Overall, the pituitary gland plays a critical role in maintaining homeostasis and regulating various bodily functions, including growth, development, metabolism, and reproductive function.
Pituitary diseases refer to a group of conditions that affect the pituitary gland, a small endocrine gland located at the base of the brain. The pituitary gland is responsible for producing and secreting several important hormones that regulate various bodily functions, including growth and development, metabolism, stress response, and reproduction.
Pituitary diseases can be classified into two main categories:
1. Pituitary tumors: These are abnormal growths in or around the pituitary gland that can affect its function. Pituitary tumors can be benign (non-cancerous) or malignant (cancerous), and they can vary in size. Some pituitary tumors produce excess hormones, leading to a variety of symptoms, while others may not produce any hormones but can still cause problems by compressing nearby structures in the brain.
2. Pituitary gland dysfunction: This refers to conditions that affect the normal function of the pituitary gland without the presence of a tumor. Examples include hypopituitarism, which is a condition characterized by decreased production of one or more pituitary hormones, and Sheehan's syndrome, which occurs when the pituitary gland is damaged due to severe blood loss during childbirth.
Symptoms of pituitary diseases can vary widely depending on the specific condition and the hormones that are affected. Treatment options may include surgery, radiation therapy, medication, or a combination of these approaches.
A subarachnoid hemorrhage is a type of stroke that results from bleeding into the space surrounding the brain, specifically within the subarachnoid space which contains cerebrospinal fluid (CSF). This space is located between the arachnoid membrane and the pia mater, two of the three layers that make up the meninges, the protective covering of the brain and spinal cord.
The bleeding typically originates from a ruptured aneurysm, a weakened area in the wall of a cerebral artery, or less commonly from arteriovenous malformations (AVMs) or head trauma. The sudden influx of blood into the CSF-filled space can cause increased intracranial pressure, irritation to the brain, and vasospasms, leading to further ischemia and potential additional neurological damage.

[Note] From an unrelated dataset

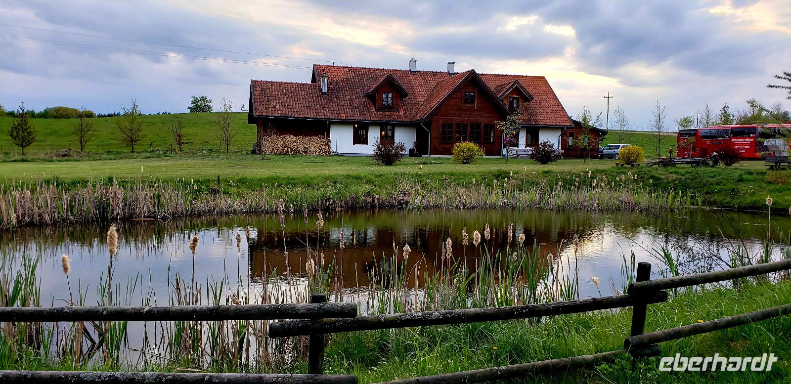 Da die Gruppe ja schon komplett ist, müssen wir nicht nochmal ins Hotel zurück und fahren direkt zur Bauernhochzeit, die wieder Teil des regulären Programmes ist. Quer durch die Johannisburger Heide kommen uns mitten im Wald zwei Kutschen mit Pferden entgegen. Nach grossem Hallo steigen wir auf die Kutschen um zu einer schönen Fahrt durch den Wald. Der Busfahrer nimmt die Abkürzung. Wir treffen am Bauernhof von Eulalia ein, wo sie mit ihrer Familie seit vielen Jahren einen Gnadenhof für verschiedene Tierarten betreibt. Jetzt wird ein Paar gesucht aus unserer Gruppe, die ein zweites Mal verheiratet werden! Mit Blumenkranz geschmückt, trägt der Bräutigam seine Braut über die Schwelle und es beginnt ein fröhliches Fest mit Tanz und Spielen und natürlich leckeren polnischen Spezialitäten. Später als geplant begeben wir uns auf die Heimfahrt zum Hotel Totu, der Abschied von diesem idyllischen Ort und der netten Familie fällt schwer. Auf dem Rückweg spaziert eine Elchkuh vor unserer Nase über die Strasse! Kann der Tag schöner enden?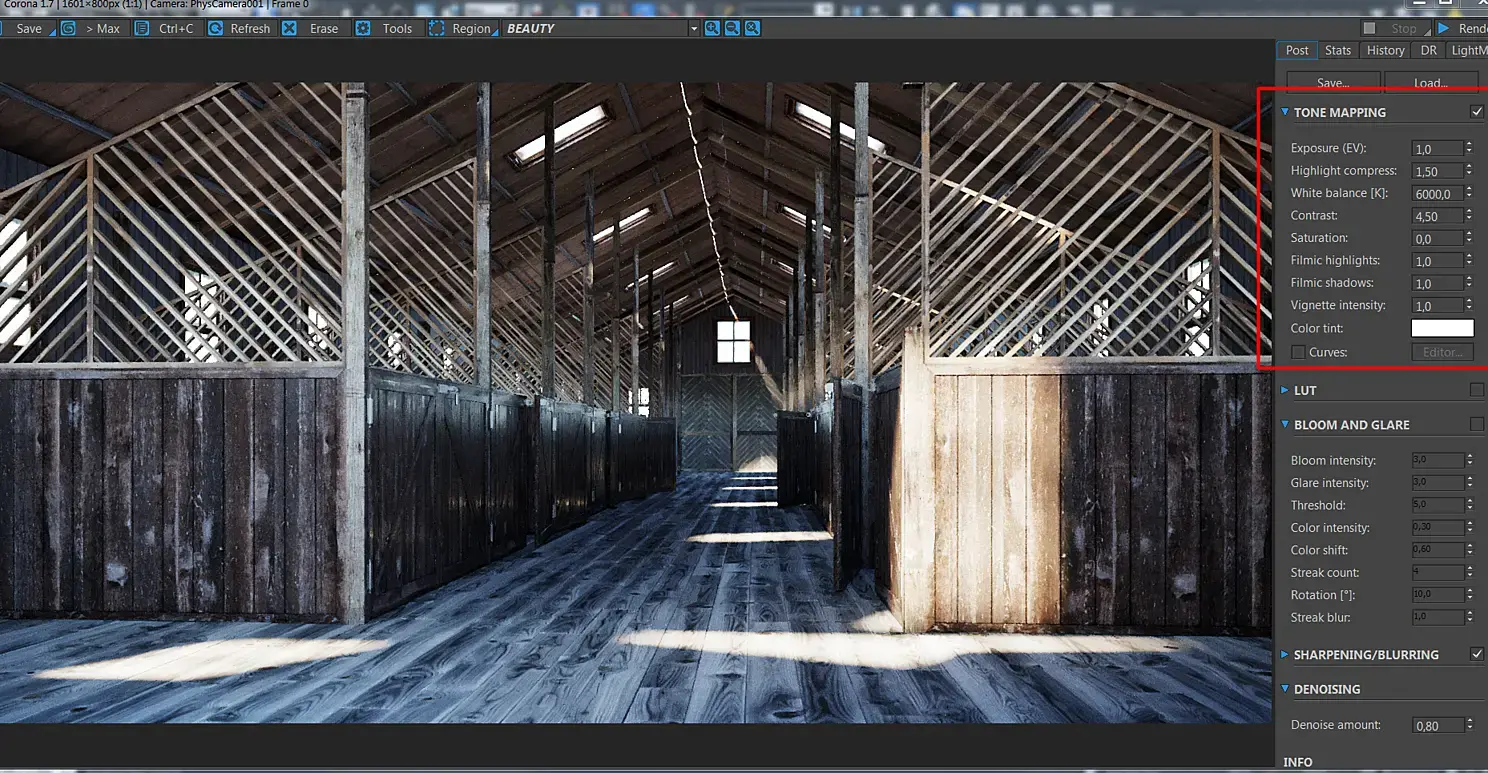 Следующий этап это построение объема. От большего к меньшему не особо задумываясь о деталях.Строим каркас конюшни , расписывать процесс моделинга я не буду скажу лишь то что для создания досок используйте FloorGenerator. Причем 80% того что есть на данном скрине сделано именно им FloorGenerator- работает очень просто и я думаю его используют практически все визуализаторы так что нет смысла в рассмотрении данного плагина. Вот мы наконец то набросали объем и возникает вопрос а что собственно дальше? Вариантов не много, можно моделировать детали и наполнять сцену либо уже начинать ставить свет. Я предпочитаю свет настраивать в начале проекта и периодически вносить коррективы. И так мы работаем в Короне а значит процесс постановки освещение прост.Нам не надо расставлять порталы, не надо крутить кучу настроек и тестить часами добиваясь нормального результата. Просто ставим CoronaSun и жмем на кнопку Добавить Корона Скай в ОкружениеПараметр Size делаем по вкусу у меня в данном случае 8. Но в экстерьерной сцене это было слишком много и я его снизил до 2. Второй этап это настройка ЛайтМикса .Жмем F10 и в закладке Scene нажимаем Setup LightMix.Все вы настроили))) В элементах появились слои с Небом и Солнцем.Так как я делал проект в Короне 1.6 то использовал PhysCamera а значит Макс установит по умолчанию свою экспозицию и вы не сможете изменять ее так как вам надо. Просто отключаем ееДелаем тестовый рендер и получаем такое Шум, засветы смотреть больно)))) А значит нам надо все это настроить. Включить Денойз, настроить экспозицию и выставить все параметры так как подсказывает интуиция. По сути нет идеальных настроек на каждый случай. Всегда надо потратить время на поиски подходящей комбинации))) Но есть те параметры с которых можно начинать.Немного доработав геометрию( добавил ворота на входе) делаю очередной тест и настраиваю все параметры кроме LUT Curves и BLOOM к ним мы вернемся позже. И так....Объем есть, свет есть но нет Крастоы)))Все плоское, бездушное.Давайте добавим воздуха. Добавляем в редактор материалов CoronaVolumMtlи перетаскиваем в GlobalVolumMtlПараметров универсальных по сути нет.Все зависит от сцены,экспозиции и освещения.У меня получились именно такие настройки. В экстерьерной сцене они другие, в подвале тоже хотя подвал в этой же сцене. Считаем....Дымка есть, объем есть а красоты нет)))) Но мы руки не опускаем. Что нужно для хорошей картинки ? Правильно детализация и освещение. Значит добавляем деталей и ставим свет.Сено пока не трогаем, расставляем модели примерно так выглядит результат Если с деталями все ясно то с ИС надо разобраться.Часто люди в Короне используют Лайтматериал как ИС и это ошибка. Первое в чем проблема это шум, вторая проблема это гибкость.Нам надо Люстры и бра сделать красивыми, а значит сделать им спираль в лампочке но освещать должен обычный ИС.Сам ИС должен быть чисто белым. Возникает вопрос почему же белым? А дело в том что мы будем в ЛайтМиксе менять цвет и переносить его на ИС. Так же выключить ему отражения, и тени.Вот параметрыРасставляем все ИС, разбиваем на группы и в ручную вносим в ЛайтМикс Теперь с помощью Лайтмикса настраиваем освещение .Яркость,цвет после чего желательно с помощью кнопки Scene перенести все в слой BEAUTY (когда закончите настраивать)Далее переходим в закладку Post и добавляем штрихов.Опять же тут все по вкусу и по ситуации. LUT выбираем банальным

Symptoms of a subarachnoid hemorrhage may include sudden onset of severe headache (often described as "the worst headache of my life"), neck stiffness, altered mental status, nausea, vomiting, photophobia, and focal neurological deficits. Rapid diagnosis and treatment are crucial to prevent further complications and improve the chances of recovery.
A brain injury is defined as damage to the brain that occurs following an external force or trauma, such as a blow to the head, a fall, or a motor vehicle accident. Brain injuries can also result from internal conditions, such as lack of oxygen or a stroke. There are two main types of brain injuries: traumatic and acquired.
Traumatic brain injury (TBI) is caused by an external force that results in the brain moving within the skull or the skull being fractured. Mild TBIs may result in temporary symptoms such as headaches, confusion, and memory loss, while severe TBIs can cause long-term complications, including physical, cognitive, and emotional impairments.
Acquired brain injury (ABI) is any injury to the brain that occurs after birth and is not hereditary, congenital, or degenerative. ABIs are often caused by medical conditions such as strokes, tumors, anoxia (lack of oxygen), or infections.
Both TBIs and ABIs can range from mild to severe and may result in a variety of physical, cognitive, and emotional symptoms that can impact a person's ability to perform daily activities and function independently. Treatment for brain injuries typically involves a multidisciplinary approach, including medical management, rehabilitation, and supportive care.